Atlases of cognition with large-scale human brain mapping

Abstract

To map the neural substrate of mental function, cognitive neuroimaging relies on controlled psychological manipulations that engage brain systems associated with specific cognitive processes. In order to build comprehensive atlases of cognitive function in the brain, it must assemble maps for many different cognitive processes, which often evoke overlapping patterns of activation. Such data aggregation faces contrasting goals: on the one hand finding correspondences across vastly different cognitive experiments, while on the other hand precisely describing the function of any given brain region. Here we introduce a new analysis framework that tackles these difficulties and thereby enables the generation of brain atlases for cognitive function. The approach leverages ontologies of cognitive concepts and multi-label brain decoding to map the neural substrate of these concepts. We demonstrate the approach by building an atlas of functional brain organization based on 30 diverse functional neuroimaging studies, totaling 196 different experimental conditions. Unlike conventional brain mapping, this functional atlas supports robust reverse inference: predicting the mental processes from brain activity in the regions delineated by the atlas. To establish that this reverse inference is indeed governed by the corresponding concepts, and not idiosyncrasies of experimental designs, we show that it can accurately decode the cognitive concepts recruited in new tasks. These results demonstrate that aggregating independent task-fMRI studies can provide a more precise global atlas of selective associations between brain and cognition.

Fig 1. Brain mapping with a cognitive ontology.

Our approach characterizes the task conditions that correspond to each brain image with terms from a cognitive ontology. Forward inference maps differences between brain responses for a given term and its neighbors in the ontology, i.e. closely related psychological notions. Reverse inference is achieved by predicting the terms associated with the task from brain activity. The figure depicts the analysis of visual object perception tasks with motor response. A forward inference captures brain responses in motor, primary visual and high-level visual areas. Reverse inference captures which regions or neural substrate are predictive of different terms, discarding common response to different tasks, here in the primary visual cortex.

Fig 2. Ontology informed decoding.

The hierarchical decoding procedure reduces the dimensionality by stacking the decision functions of several simple binary classifiers, which mimic study-level contrasts by opposing each term to matching ones. A second level of one-versus-all (OvA) classifiers predicts the presence of terms using the output of the first level. The first layer may be seen as capturing whether a given brain activity map looks more like face or place recognition, objects or scrambled images, visual or motor stimuli. The second layer combines this information to conclude on what cognitive terms best describe the given activity. Final linear classifiers may be recovered by combining the coefficients of the first and second level classifiers.

Fig 3. Maps for the different inference types.

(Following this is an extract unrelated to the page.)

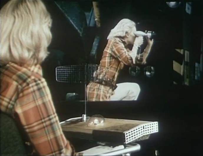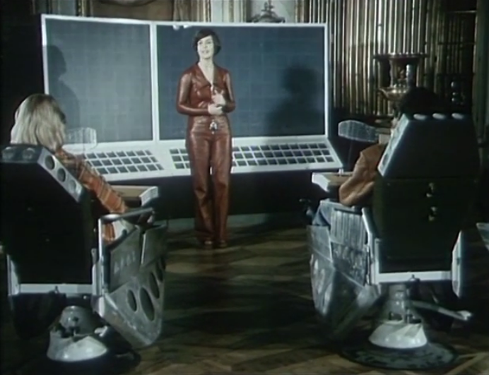 The microwave antenna makes part of the chairs of a panel. Though it is not related for what use. In any case when a panel member has a movie of his srceened the antenna is rotating. Likely a kind of early bluetooth...

Left (a–d): maps of the different inferences on our database for the “place” concept. The consensus between reverse inference and forward inference based on contrasts defined from the ontology singles out the “parahippocampal place area” (PPA) for the “place” concept. Right (d): the NeuroSynth reverse-inference map for this concept. Reverse inference with Neurosynth also narrows well on the PPA, but is more noisy.

Fig 4. Different functional atlases.

Regions outlined using different functional mapping approaches, from left to right: a. forward term mapping; b. forward inference with ontology contrasts (standard analysis); c. reverse inference with logistic regression; d. NeuroSynth reverse inference; and e. our approach, mapping with decoding and an ontology. The top part shows visual regions, and the lower one auditory regions in the left hemisphere. Forward term mapping outlines overlapping regions, as brain responses capture side effects such as the stimulus modality: for visual and auditory regions every cognitive term is represented in the corresponding primary cortex. Forward mapping using contrasts removes the overlap in primary regions, but a large overlap persists in mid-level regions, as control conditions are not well matched across studies. Standard reverse inference, specific to a term, creates overly sparse regions though with little overlap. Reverse inference with Neurosynth also displays large overlap in mid-level regions. Finally, ontology-based decoding maps recover known functional areas the visual and auditory cortices.

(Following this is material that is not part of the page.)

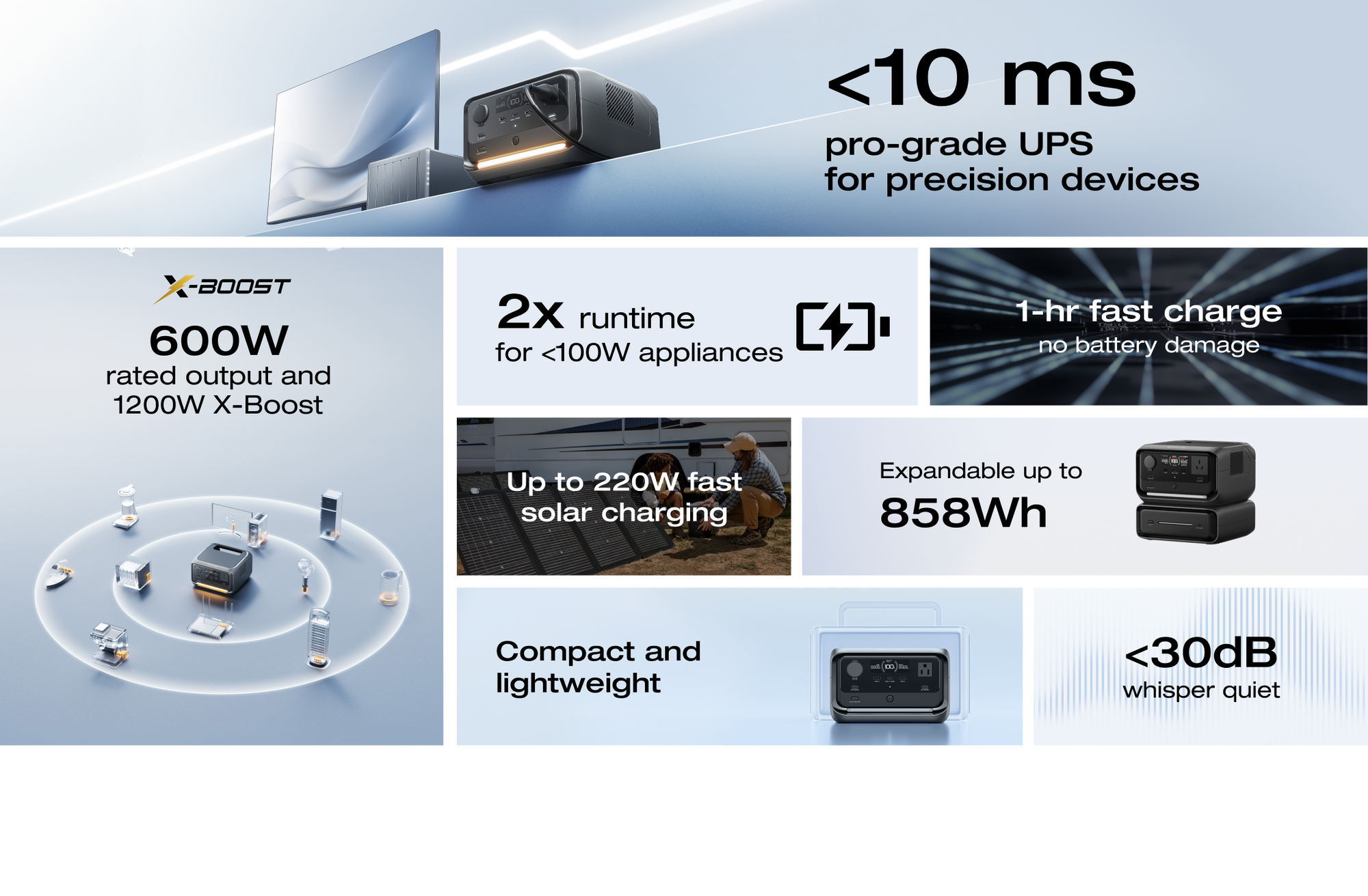 Equipped with a 858Wh capacity and 600W output, RIVER 3 Max Plus can power a 3W Wi-Fi router for up to 86.9 hours. Plus, it can run pretty much any office appliance, including 600W computers for at least 60 minutes, allowing a safe shutdown and completion of ongoing tasks.

Fig 5. Prediction scores for different methods.

Area under the ROC curve (1 is perfect prediction, while chance is at 0.5); a score for each term; b score relative to the average per term for each decoding approach. As the terms in NeuroSynth do not fully overlap with the terms used in our database, not every term has a prediction score with NeuroSynth. The ontology-informed decoder is almost always able to assign the right cognitive concepts to an unknown task and clearly out-performs standards decoders: logistic regression and naive Bayes classifier trained on our database. It also outperforms the NeuroSynth decoding based on meta-analysis.

Fig 6. Functional atlases with decoding in an ontology.

Regions linked to the various cognitive terms by our mapping approach. They are displayed in 5 different panels depending on their location in the brain: a. visual regions; b. auditory regions; c. motor regions; d. parietal regions; e.cerebellum regions.